» EXERCISE AIM: The line with "SIMUER 3 Pezzi" and each line following it, up to the final line of the data, should be set down exactly; pictures stay out.

» SUPPLIED MATERIAL:
§
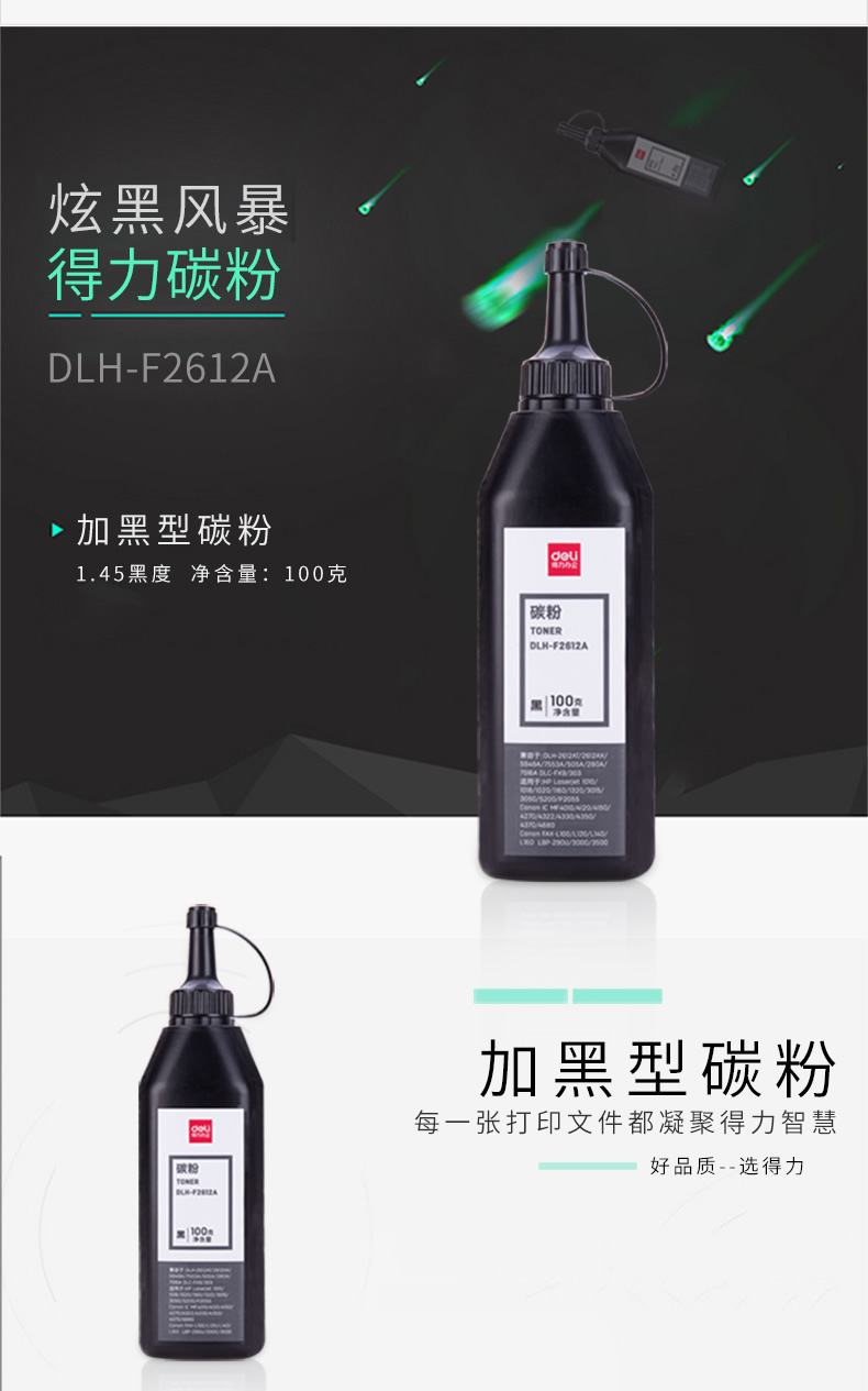 得力DLH-F2612A碳粉打印机硒鼓碳粉适用HP1010/1012/1015/1018 佳能LBP2900/3000)
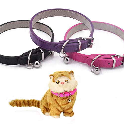 SIMUER 3 Pezzi Gatti Collare in Pelle PU, Collari per Gattini con Sonaglio Regolabile Adatto alla Maggior Parte dei Gatti Domestici
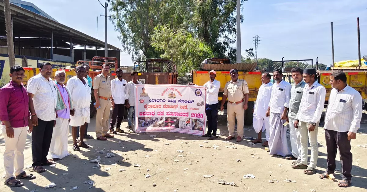 ಪಟ್ಟಣಕ್ಕೆ ಹತ್ತಿ ತುಂಬಿಕೊಂಡು ಆಗಮಿಸಿದ ಟ್ರಾಕ್ಟರ್, ಬೊಲೇರೋ, ಟೆಂಪೋ ವಾಹನ ಚಾಲಕರನ್ನು ಹಾಗೂ ರೈತರನ್ನು ಒಂದೆಡೆ ಸೇರಿಸಿ ಅಪರಾಧ ತಡೆ ಮಾಸಾಚರಣೆ ಕಾರ್ಯಕ್ರಮದ ಬಗ್ಗೆ ಮಾಹಿತಿ ನೀಡಿ ಅವರು ಮಾತನಾಡಿದರು.
§
» SOLUTION TO THE EXERCISE:
 SIMUER 3 Pezzi Gatti Collare in Pelle PU, Collari per Gattini con Sonaglio Regolabile Adatto alla Maggior Parte dei Gatti Domestici
 ಪಟ್ಟಣಕ್ಕೆ ಹತ್ತಿ ತುಂಬಿಕೊಂಡು ಆಗಮಿಸಿದ ಟ್ರಾಕ್ಟರ್, ಬೊಲೇರೋ, ಟೆಂಪೋ ವಾಹನ ಚಾಲಕರನ್ನು ಹಾಗೂ ರೈತರನ್ನು ಒಂದೆಡೆ ಸೇರಿಸಿ ಅಪರಾಧ ತಡೆ ಮಾಸಾಚರಣೆ ಕಾರ್ಯಕ್ರಮದ ಬಗ್ಗೆ ಮಾಹಿತಿ ನೀಡಿ ಅವರು ಮಾತನಾಡಿದರು.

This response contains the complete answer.